The objective of the Universal Anaphora Initiative is to enable further progress in the empirical study of anaphora by covering not just coreference, but all aspects of anaphoric interpretation from identity of sense anaphora to bridging to discourse deixis (although not all anaphorically annotated corpora cover all of these phenomena); and not just English, but all languages.
Thanks to recent advances in NLP and representation learning, interest in co-reference resolution and related tasks is at a high point. At the same time, large scale resources are still only available for few languages, and languages with multiple resources (notably English) do not employ a uniform standard, neither in terms of annotation formats, nor in terms of guidelines. These defecits are crucial to address as we move towards broader coverage of languages and text types, as well as work on multilingual and reusable tools for different types of anaphora.
Showing a blueprint for a way forward, the Universal Dependencies Initiative has been very successful at progressively developing agreed upon standards concerning the annotation and markup of syntactic dependency information across multiple languages and domains. The long-term objective of the UD-inspired Universal Anaphora Initiative is to do the same for anaphoric information.

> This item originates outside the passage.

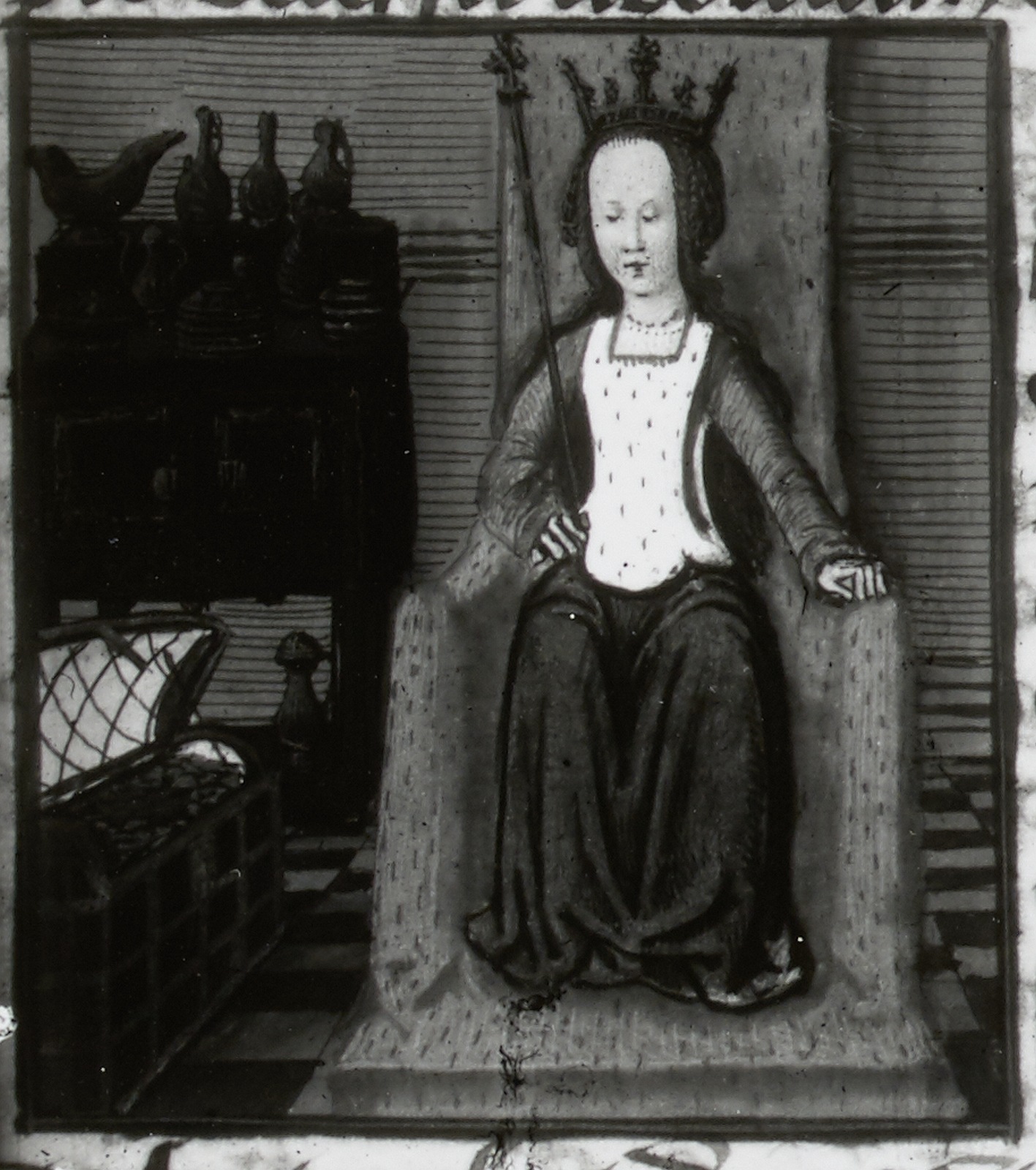 Miniatore di Bourges (1490 c.), Medusa seduta sul trono

The more modest objective of the first stage of the Universal Anaphora Initiative is to come up with an agreed-upon markup scheme that can be used to encode the information in the existing corpora, which will enable us to create a collection of corpora all encoded using the same scheme. But we hope that this exercise will prove a useful starting point for further discussion on the annotation schemes, as well.
A unified markup scheme hopefully will also allow us to develop an extension of the CONLL scorer able to score not just identity anaphora, but also other aspects of anaphoric interpretation such as the identification of non-referring expressions, as done in the 2018 CRAC Shared Task, as well as bridging reference and discourse deixis resolution.

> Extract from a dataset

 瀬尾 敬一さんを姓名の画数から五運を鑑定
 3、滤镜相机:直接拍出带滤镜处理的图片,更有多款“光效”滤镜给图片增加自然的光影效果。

We are fully aware that there is at the moment only partial agreement on the anaphoric phenomena that should be covered by such a scheme, and on the details of how they should be annotated. We will therefore adopt a similar strategy to that adopted in the MATE proposal (Poesio et al., 1999) - namely, identify those aspects of the proposal which are core and those that are optional.
More to follow soon!
Massimo Poesio, Florence Bruneseaux, and Laurent Romary. 1999.
The MATE meta-scheme for coreference in dialogues in multiple languages.
InProc. of the ACL Workshop on Standards and Tools for Discourse Tagging, pages 65–74.